Deep in the oceans, hundreds of cables carry much of the world’s phone and Internet traffic. Since at least the early 1970s, the NSA has been tapping foreign cables. It doesn’t need permission. That’s its job.

Et comme l’explique très bien Wikipedia, la NSA elle même l’avait avoué :

De 1945 à 1975, la National Security Agency (NSA) américaine a obtenu systématiquement des principales entreprises de télégraphie (RCA global, ITT World Communications et la Western Union) l’accès aux messages circulant par câble (Project SHAMROCK). L’interception des télécommunications se faisait au départ par la collecte de copies papier detélégrammes, puis par la remise de bandes magnétiques; elle se fait aujourd’hui par la connexion directe des centres d’émission aux circuits internationaux de communications. Selon la commission Church du Sénat américain (1975), la NSA sélectionnait environ 150 000 messages par mois, sur un total de 6 millions de messages par mois, pour en faire un compte rendu (soit 1 message sur 40). Des milliers de messages étaient transférés à d’autres agences de renseignement pour analyse. (source)
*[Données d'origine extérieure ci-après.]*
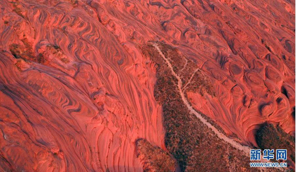 8月6日,朝霞映照下的靖邊縣龍洲鎮波浪谷丹霞景區(無人機照片)。
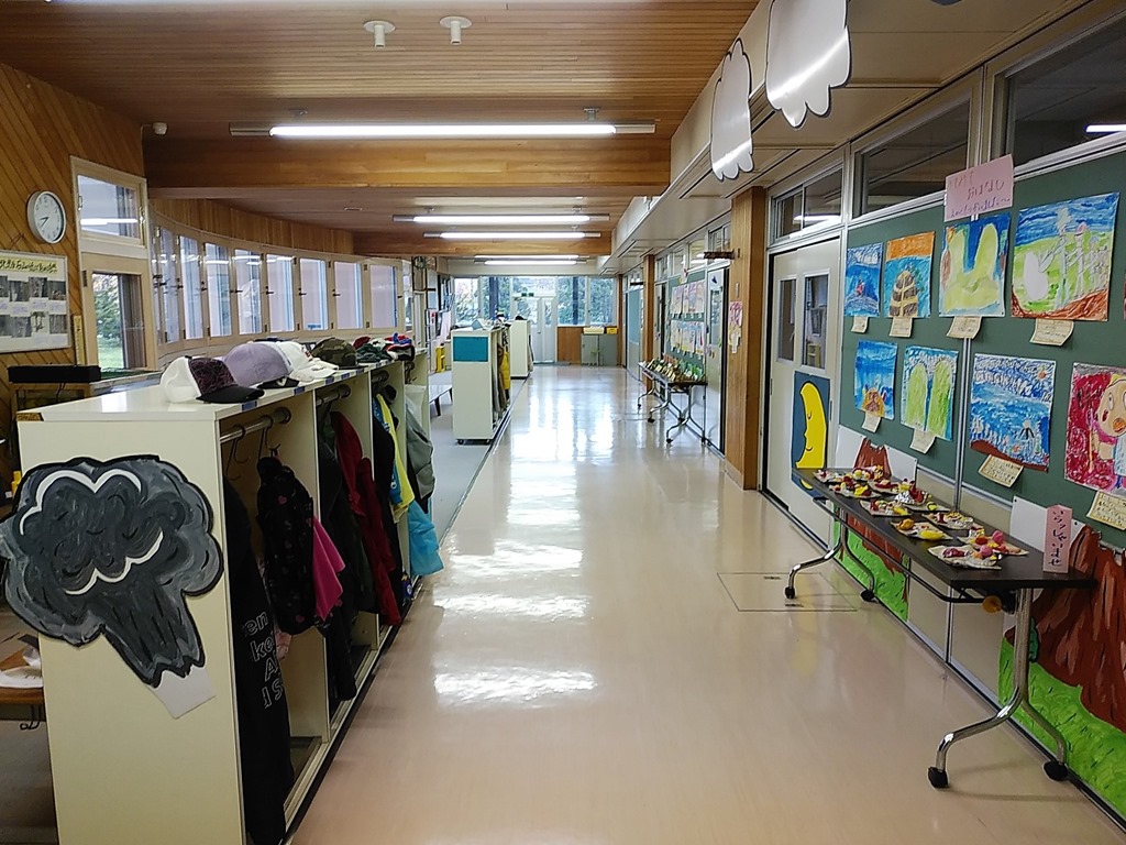 前回の統廃合後に出来た小学校の教室はオープン教室になっていますが、北光小は各学年とも壁で仕切られています。廊下も手洗い場もキレイでした。

Et Associated Press d’enfioncer le clou sur ce que nous vous claironnons depuis le début :

The second and far murkier one is how Prism fits into a larger U.S. wiretapping program in place for years.

Sans blaaaaaague ?

 

#Prism : pourquoi ce pseudo scandale m’en touche une sans faire bouger l’autre ?

catchlonVous êtes plusieurs à m’avoir demandé une réaction aux récentes révélations sur ce qui a gentiment débuté par le pseudo scandale Verizon. Je n’en avais pas particulièrement envie car je trouve tout ce foin complètement ridicule. Entre les américains indignés, les européens qui jouent les vierges effarouchées (les anglais qui accueillent des bases relais d’Echelon sur leur territoire doivent bien rigoler), et la presse qui fait ses choux gras de cette information vieille d’une douzaine d’années, j’estimais ne pas avoir de choses particulièrement intéressantes à vous raconter. D’ailleurs, je ne suis toujours pas convaincu que ce qui va suivre sera vraiment intéressant pour nombre d’entre vous… vous voilà avertis. Je ne m’étendrai d’ailleurs pas bien longtemps sur PRISM, car une autre information me semble tout de même un peu plus intéressante.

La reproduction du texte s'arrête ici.